22 July, 2009

Faith feels good...

So I will continue to be faithful. New house, new car, new streams of income, new levels of accuracy in living. On the mark! No sin....BULLSEYE!!!

Yeah...I love the precision of living truthfully from my heart. I love the feeling of being calm and effective in the world.

I love hearing my mind trying to figure out how a and b are going to happen. I love seeing them happen... despite the questions.

I love knowing that you were sent here for a short but nice season. :) Thank you for everything!

I love knowing that when you tell me I cant, that means that YOU cant. I, my dear, MOST DEFINATELY WILL! Just watch. Not proving anything to you. Just letting myself spread out a bit. Own this space that I'm in. Reaching for the proverbial stars and finding myself on the outer edges of this universe. Cuz honestly...I'm much too much to be contained...by your words, assumptions and perceptions of me. I am like my father. I am that I am too! And you are the same! Lets own it together. Lets not fight about it anymore, K?

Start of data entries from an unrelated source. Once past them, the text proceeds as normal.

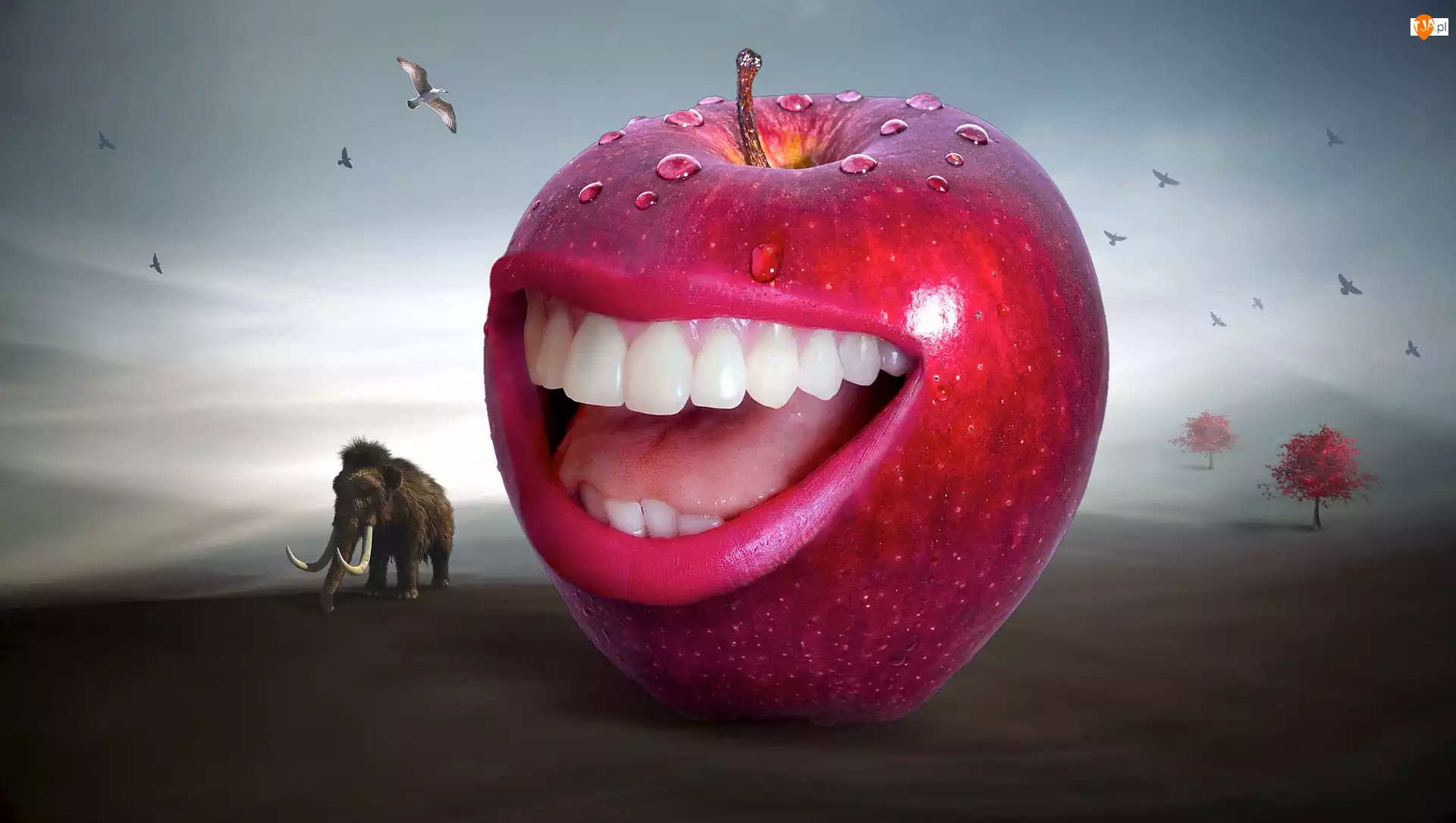Mamut, Uśmiech, Grafika 2D, Czerwone, Zęby, Jabłko, Ptaki, Usta, Drzewo
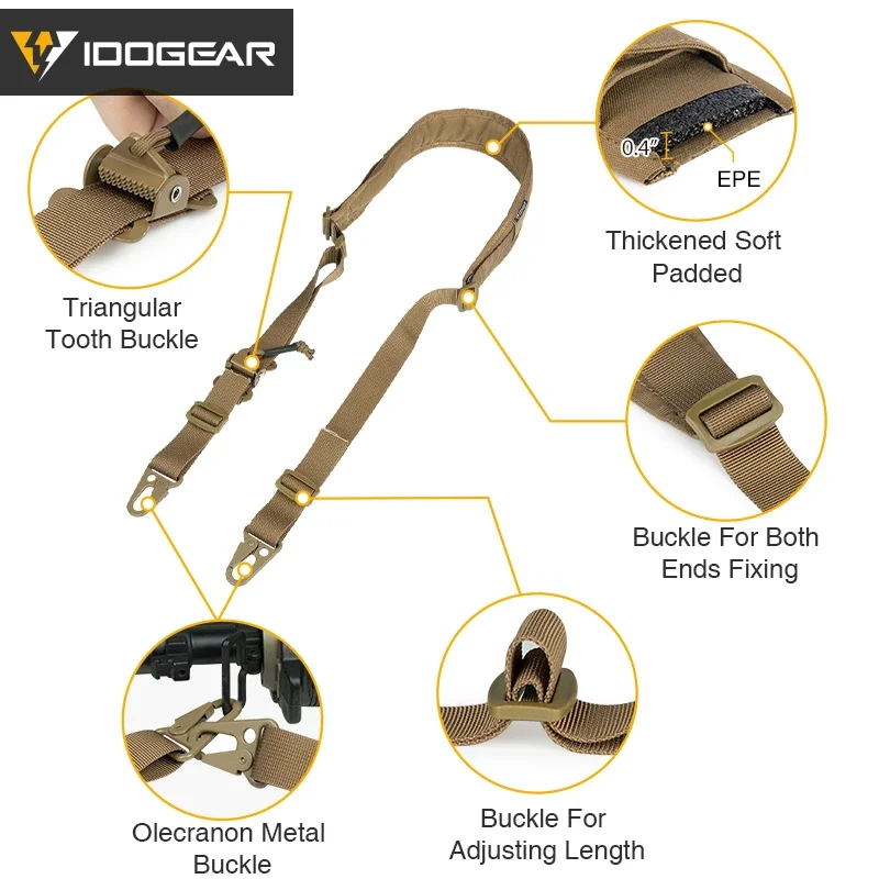 IdOGEAR eslinga táctica de 2 puntos, correa modular de combate, eslinga, accesorio de caza de tracción ajustable rápido
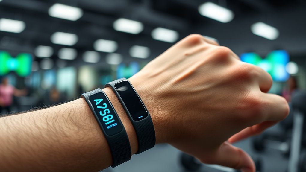 Accurate metrics are essential for tracking performance and making informed training decisions, so choosing a fitness tracker with reliable sensors and algorithms is crucial. High-quality sensors ensure that measurements like heart rate, blood oxygen, and blood pressure are precise, reducing discrepancies. Proper fit and snugness are vital; loose straps can lead to inaccurate readings, especially during sleep or heart rate monitoring. Multi-sport modes and automatic activity detection improve data reliability by correctly identifying exercise types and durations. Calibration features, particularly for blood pressure and oxygen saturation, help maintain accuracy over time. Additionally, regular software updates and validation studies ensure the device’s metrics stay precise and trustworthy. Prioritizing these factors guarantees that the tracker provides dependable data to optimize athletic performance.
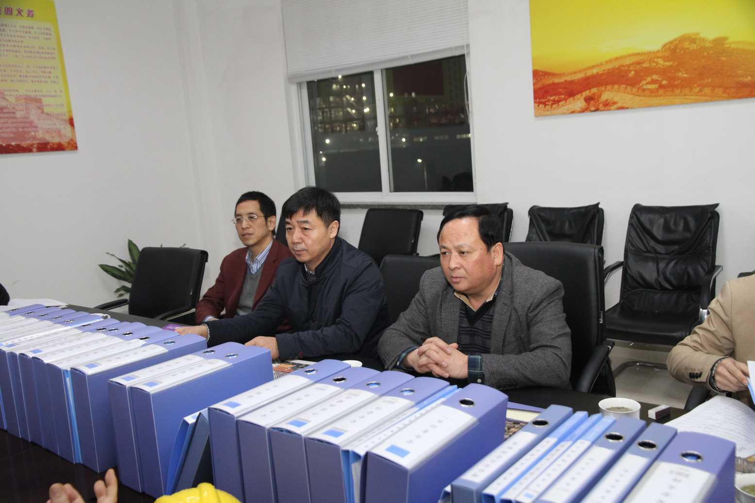 檢查組領(lǐng)導(dǎo)在認真聽取企業(yè)關(guān)于安全生產(chǎn)工作的匯報。圖中,中間為國家安監(jiān)總局職業(yè)健康司副司長王建冬、左一為省安監(jiān)局總工程師李公杭、右一為紹興市政府副秘書長章國金。
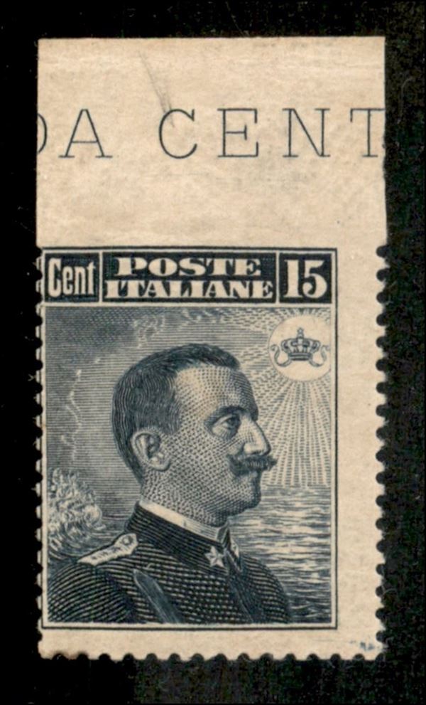 1911 - Michetti 15 cent non dentellato in alto con bordo foglio in alto (96f) - gomma integra
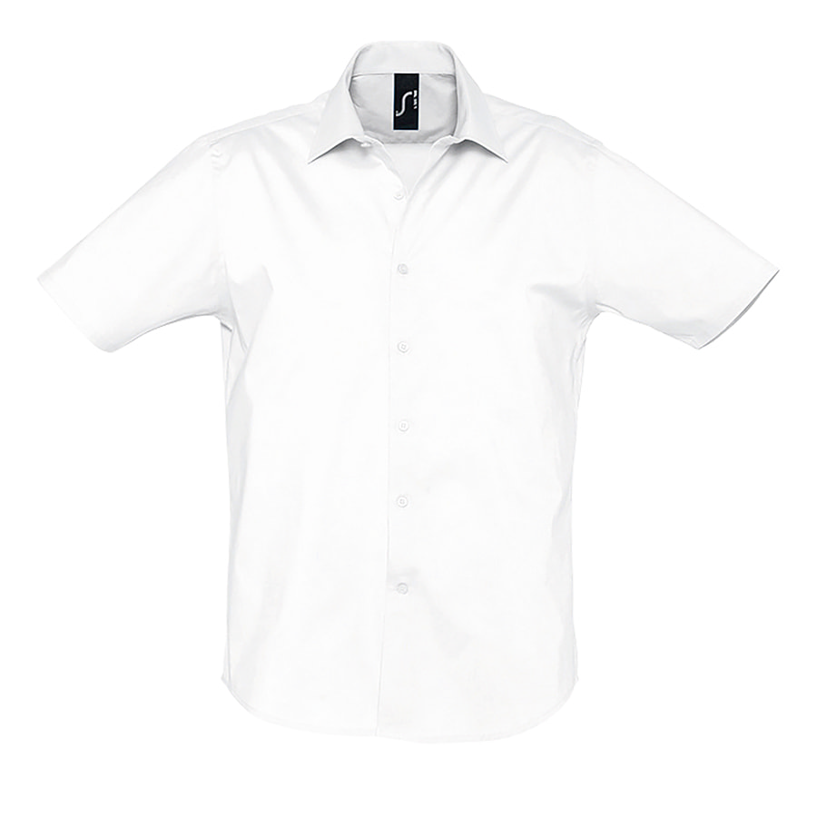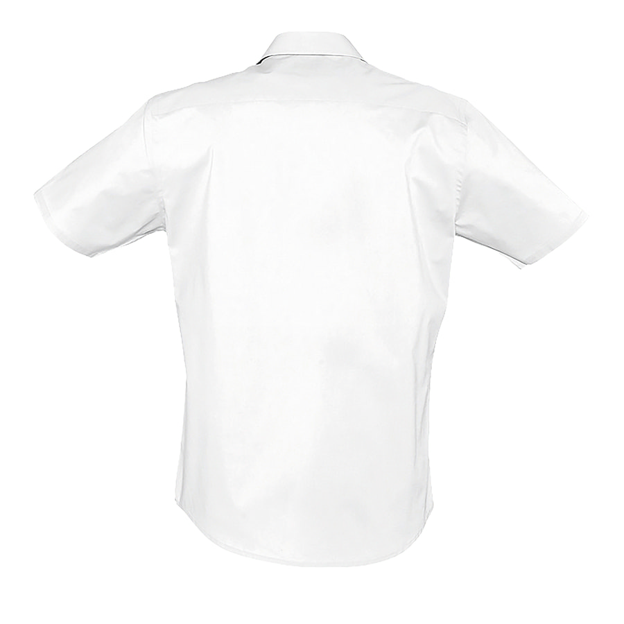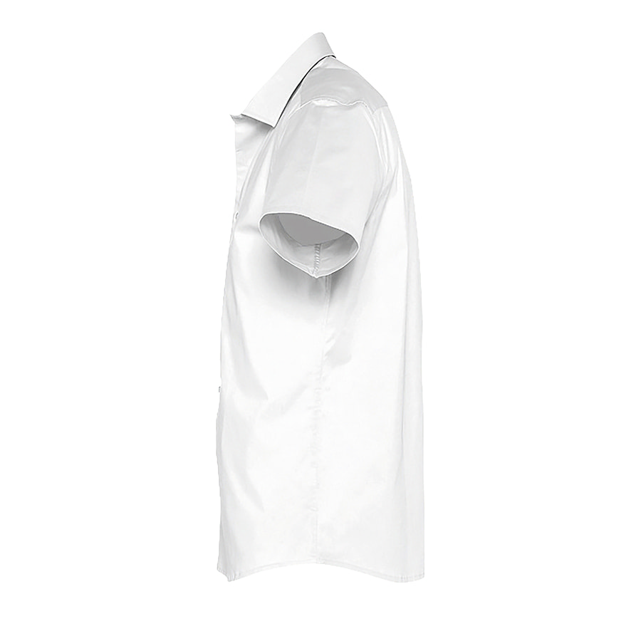 Мужская рубашка с коротким рукавом из ткани стрейч. Итальянский полуоткрытый воротник с 1 пуговицей. Облегающий крой, планка на 7 пуговиц в тон изделия.
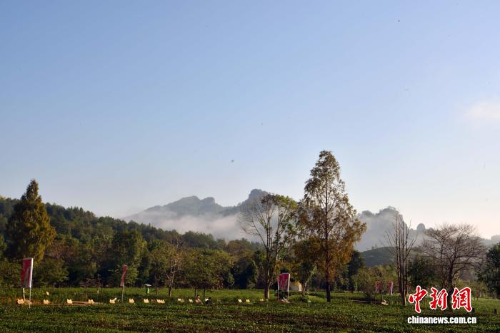 图为茶园里远山、云雾与初红水杉相映,景致宜人。中新网记者张丽君 摄
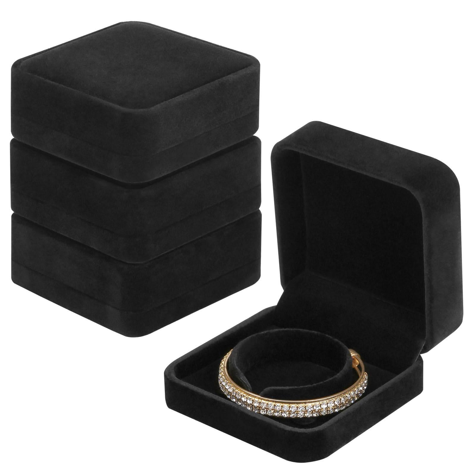 LETURE 4 Pieces Classic Velvet Bracelet Bangle Pendant Necklace Gift Box, Travel Jewelry Box Display Storage Case for Gift, Wedding, Engagement, Proposal, Birthday (Bracelet STYLE 1-4PCS)
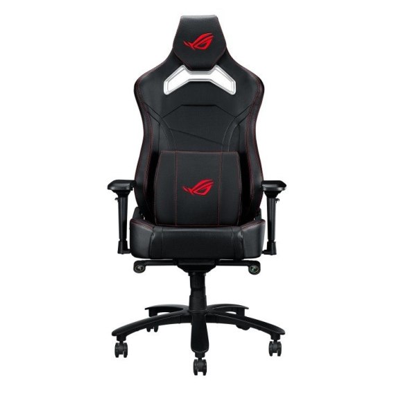 Fotel gamingowy ROG Chariot X Core w stylu samochodu wyścigowego, wyposażony w regulowany zagłówek z pianki o dużej gęstości, podparcie lędźwiowe z pianki zapamiętującej kształt, podłokietniki 4D, mechanizm przechylania, trwały podnośnik gazowy klasy 4 i trwałą, wysokiej jakości skórę PU zapewniającą najwyższej jakości wrażenia z gry.
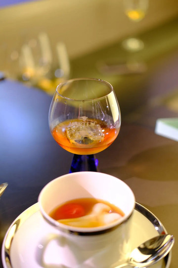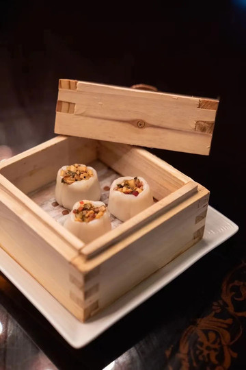 遵照时节,我个人觉得不是说有什么吃什么。中国人是觉得怎么自然对食客好,吃什么。虎跑泉水香梨炖五头花胶,热中润肺,里面多加一味龙脷叶预防秋燥咳嗽,收尾是晶莹的蜜汁秋梨冻,喉咙都亮起来。宋式点茶喂眼睛吃个点心,补进一颗自在好心情。
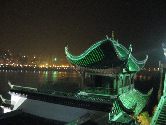 Da wir erst am Abend in Chongqing abgelegt sind, konnten wir noch einmal die fulminante Lichtshow der Metropole bewundern ehe wir langsam die riesige Stadt verlassen haben.
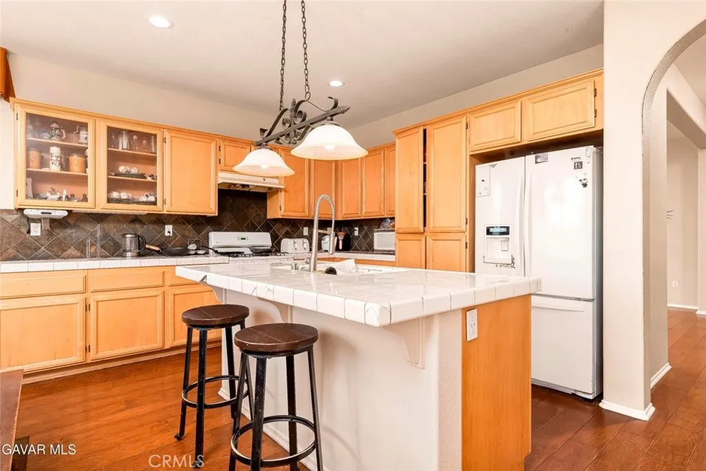 FORMER MODEL HOME WITH LOVELY UPGRADES -- And Freshly Painted for the New Owner. You enter to Rich Brazilian real Wood Floors. There is a Fomal Living Room and Dining Room Plus a Spacious Family room with Builtins and Cozy Fireplace adjacent to the Huge Kitchen, great for family living, Lots of Kitchen Cabinets including Bill Desk. Some with Glass Fronts. Front Downstairs Bedroom with High Ceilings being used as Office/Game Room. The Master is oversized and also has Custom Builtins. The Master Bath has Dual Sinks, custom tile flooring, a Separate Tub and Shower. This is a great family home. Don't miss it!
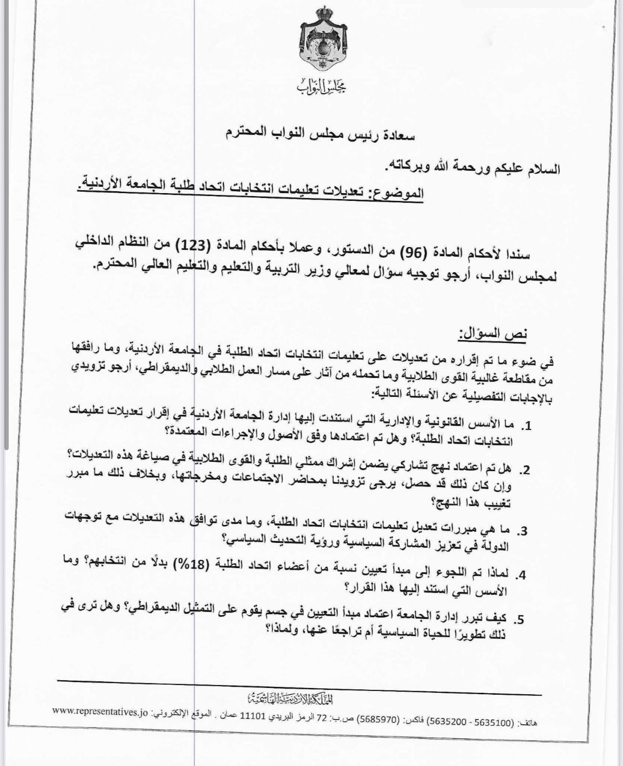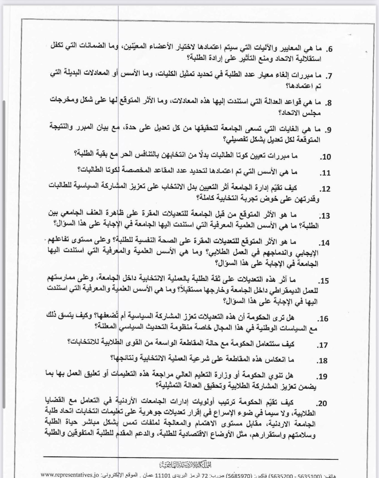 20. كيف تقيّم الحكومة ترتيب أولويات إدارات الجامعات الأردنية في التعامل مع القضايا الطلابية، ولا سيما في ضوء الإسراع في إقرار تعديلات جوهرية على تعليمات انتخابات اتحاد طلبة الجامعة الاردنية، مقابل مستوى الاهتمام والمعالجة لملفات تمس بشكل مباشر حياة الطلبة وسلامتهم واستقرارهم، مثل الأوضاع الاقتصادية للطلبة، والدعم المقدم للطلبة المتفوقين والطلبة غير المقتدرين، والتحديات السلوكية داخل الحرم الجامعي؟ وهل يعكس هذا النهج توازنًا حقيقيًا في السياسات، أم تركيزًا على تنظيم العمل الطلابي على حساب قضايا أكثر إلحاحًا للشارع الطلابي ؟

I love knowing that the picture in my mind, is being created RIGHT AT THIS VERY MOMENT!! I can SEE and FEEL it coming into my existence. I see and feel it!!! Amen! Coming back to live feels so good. {Damn! How long was I out? }

The dead pieces are falling away. Being healed by His radiant light. I feel worthy of the blessing. I asked for it. I called it forth...and now...I ACCEPT!

Be thankful for this moment, for this moment is your life! I love that! Yes!